Computational Language Documentation by 2025 (CLD 2025)

  • Contact:

    Zhaolin Li, Jan Niehues

  • Funding:

    Deutsche Forschungsgemeinschaft (DFG)

There are approximately 7000 languages spoken today, but around two-thirds of them count less than 1000 speakers and are at risk of disappearing. For linguistics, manual documenting the endangered languages is labour-intensive and difficult to perform with the required level of consistency. Language technologies with deep learning techniques have shown the potential to aid in time-consuming and hard tasks. Still, the technologies are little-used in language documentation, and there are few case studies demonstrating practical usefulness in low-resource settings. Therefore, the CLD2025 project aims to implement language technologies by developing a co-construction of models and tools by field linguists and computational linguists, and the development of interfaces and systems that allow real use by field linguists.  

In this project, we focus mostly on techniques for automatic speech transcription.
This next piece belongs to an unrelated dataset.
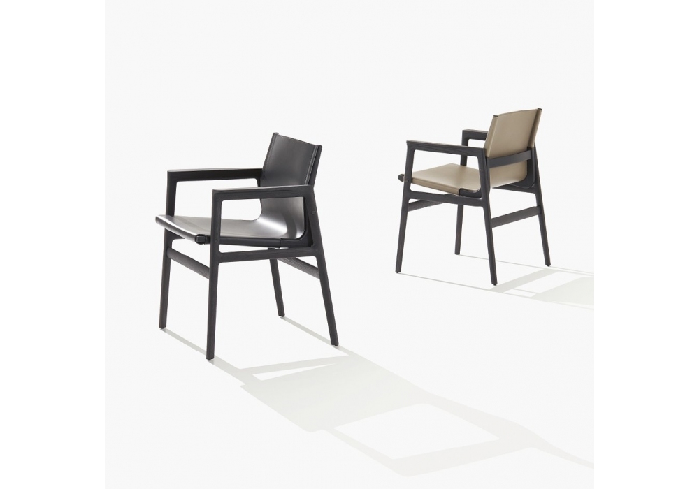 Ipanema Cuoio von Jean Marie Massaud für Poliform entworfen, ist ein Stuhl mit Struktur aus massiver Spessart-Eiche oder schwarz gebeizter Ulme. Sitz und Rückenlehne aus nicht abnehmbarem Kernleder in den Musterfarben. Mit oder ohne Armlehnen.

We will work on time alignment technique to involve timing information in audio recordings and transcriptions. Besides, with the pronunciation dictionaries and variants from our partners, we will focus on phoneset discovery and phone recognition. In addition, we will investigate leveraging tone information in speech transcription. Specifically, we propose to design tone models for two language documentation tasks: unsupervised word segmentation and phonemic and tonal transcription. For endangered languages, acquiring sufficient data resources is difficult and sometimes impossible. Therefore, we aim to develop and improve the above techniques in low-resource scenarios.